7.As far as possible the spouse of an individual should not
receive salary , commission , fees, or other remuneration in
cash or in kind , from a concern in which such individual has
a substantial interest , because such income are liable to be
clubbed . However ,the income of the spouse shall not be
clubbed with the income of the individual , where the spouse
possesses technical or professional qualification and the
income is solely attributable to the application of any
knowledge , skill or experience.
8.Encashment of earned leave while in service is fully taxable but
after retirement gets exemption u/s (10AA).Therefore the
employee shall not encash the earned leave while in service ,
from tax point of view. However ,one should keep in mind the
interest loss also, from such decision . If the interest loss from not
encashing the earned leave is more than the tax liability , then it is
better to encash the amount while in service and pay tax on it.

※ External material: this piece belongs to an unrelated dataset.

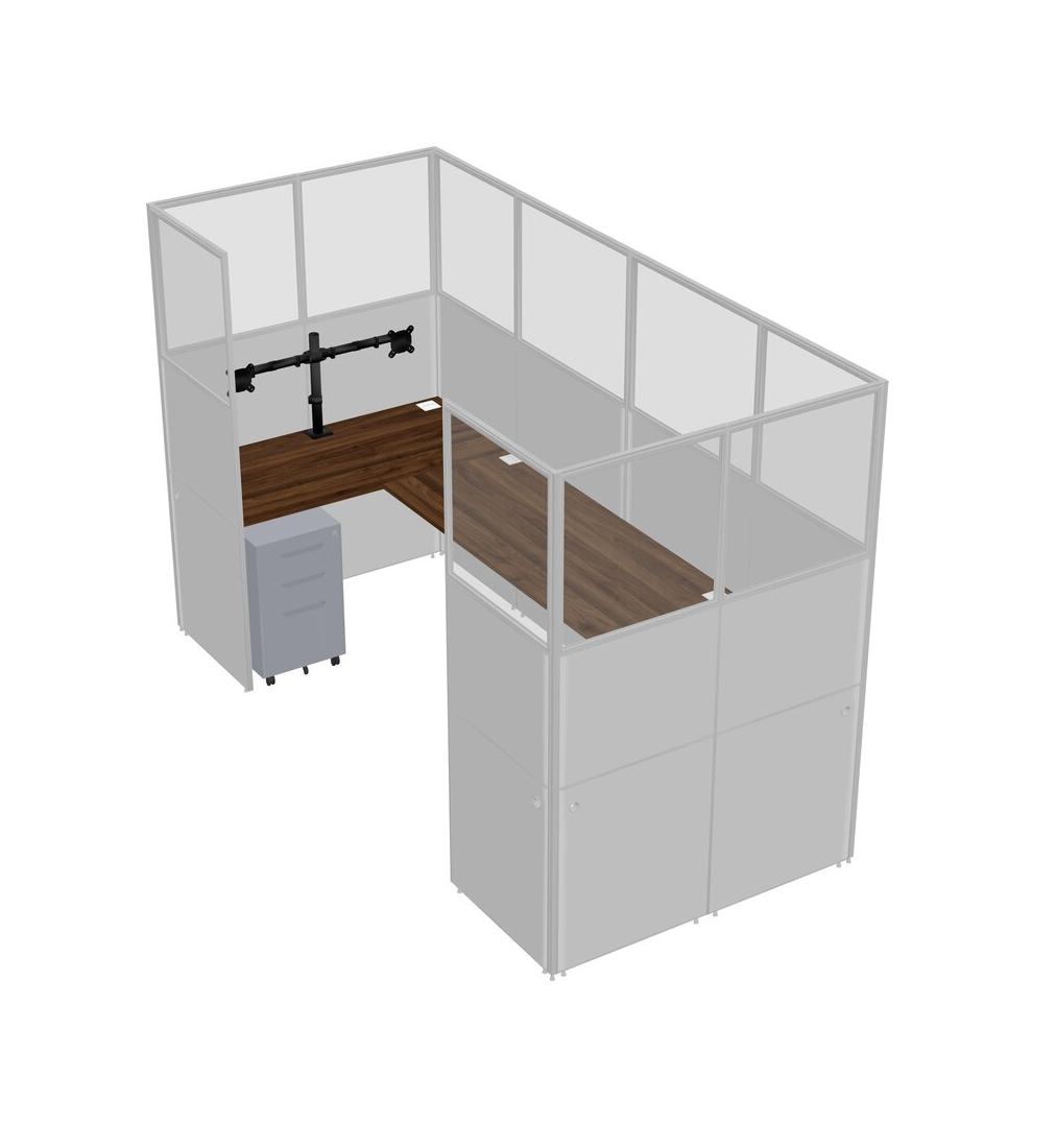 Columbia Walnut U-shaped Panel System For 1 Person + Monitor Arm (double Arms) + Metal Mobile Drawers For 1 User(s)

9.An employee can take voluntary retirement from service (in
case of public sector company , any other company , an authority
established under central ,state ,or provincial act ,a local authority
,co-operative society )and the amount receivable on such
retirement is exempt up to 5,00,000. Therefore in certain cases it
may be beneficial for employees to take VRS ,avail exemption
and secure job somewhere else.
10. Where residential house has been provided by the
employer and put at the disposal of an employee , its
perquisites value is added to the salary income of the
employee whether the employee lives in it or not .If such
house is not intended to be used , it should be surrendered
before the income accrues to him to avoid tax on notional
income.
11.In case of an assesse intending to let out building ,plant
etc.. it is more beneficial from tax point of view , to let out
building along with plant , machinery and furniture . If so the
income will be assessed under the head ‘Profit and gain of
business or profession’ or ‘income from other source’ so that
the expenses including depreciation can be deducted from
income.
Tax proposals 2019-2020 at a glance for Individuals

 No tax on notional rent of second Self-occupied House under


“Income from House property” i.e. up to two self-occupied
house properties to be considered for exemption.

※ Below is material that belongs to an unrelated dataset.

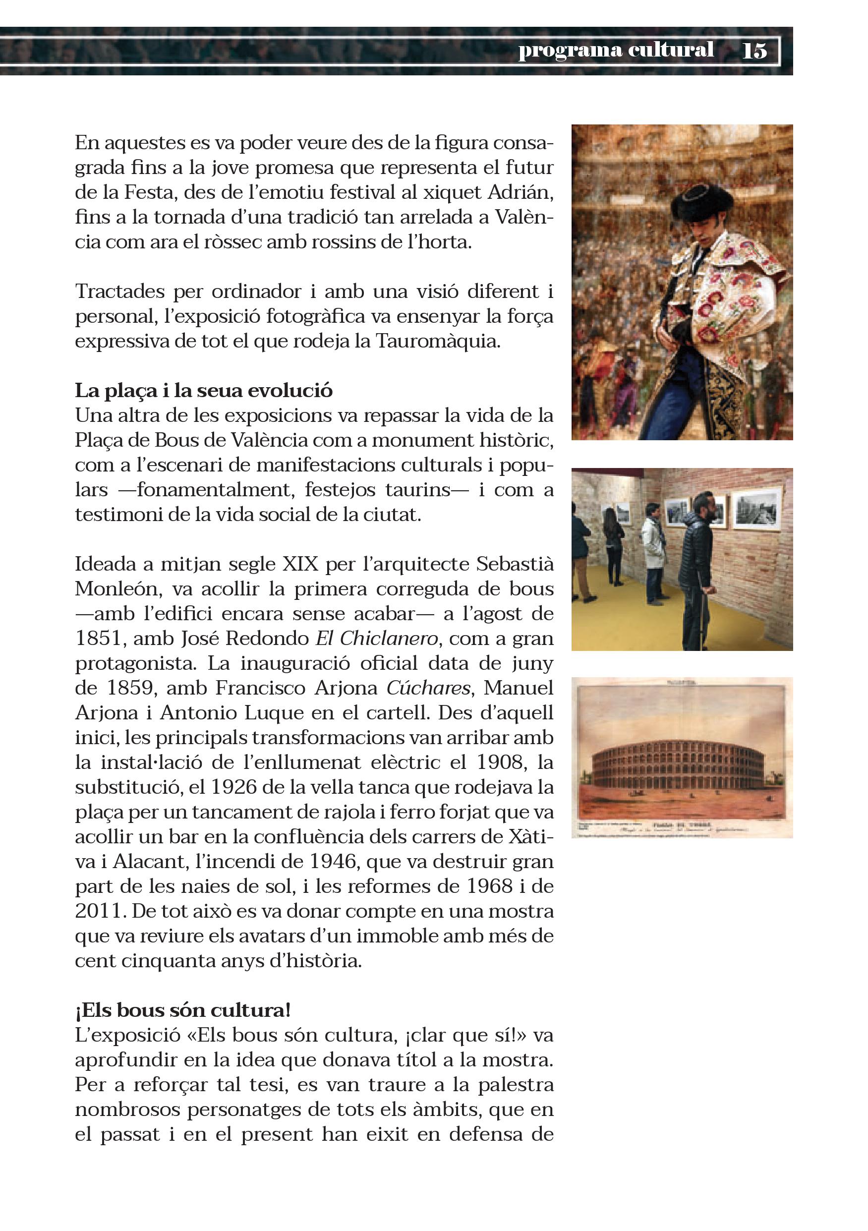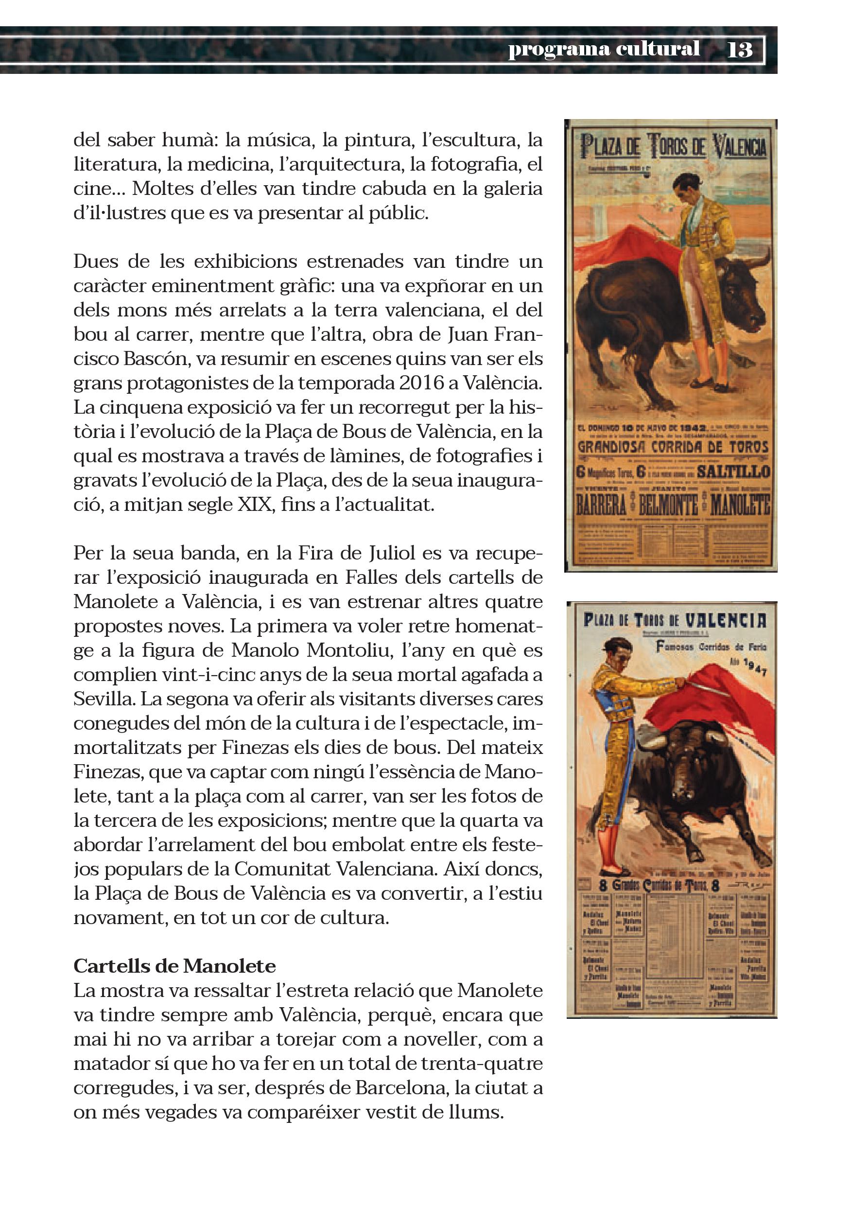 Un any més, la Diputació de València aposta decididament per la Plaça de Bous com a espai museístic. Entorn de les dues grans fires taurines de la ciutat, la de Falles i la de Juliol, la corporació provincial converteix el cós en una galeria d’art de primer nivell, en la qual un ampli ventall d’exposicions posa de manifest que el toreig, a més d’art, és cultura.

 Tax Rebate Limit under 87A increased from Rs. 3.5 lakhs to
Rs. 5 lakhs for taxpayers. The maximum limit of the tax rebate
increased to Rs.12,500 from the present limit of Rs. 2,500.
 TDS limit under Section 194A hiked from Rs 10,000 to Rs
40,000 on Post Office Savings and Bank Deposits.
 Standard Deduction for the salaried class increased from Rs
40,000 to Rs 50,000.
 Section 54 exemption now available on the second house
property, provided the capital gains is less than or equal to Rs.
2 crores – to be availed only once in a lifetime.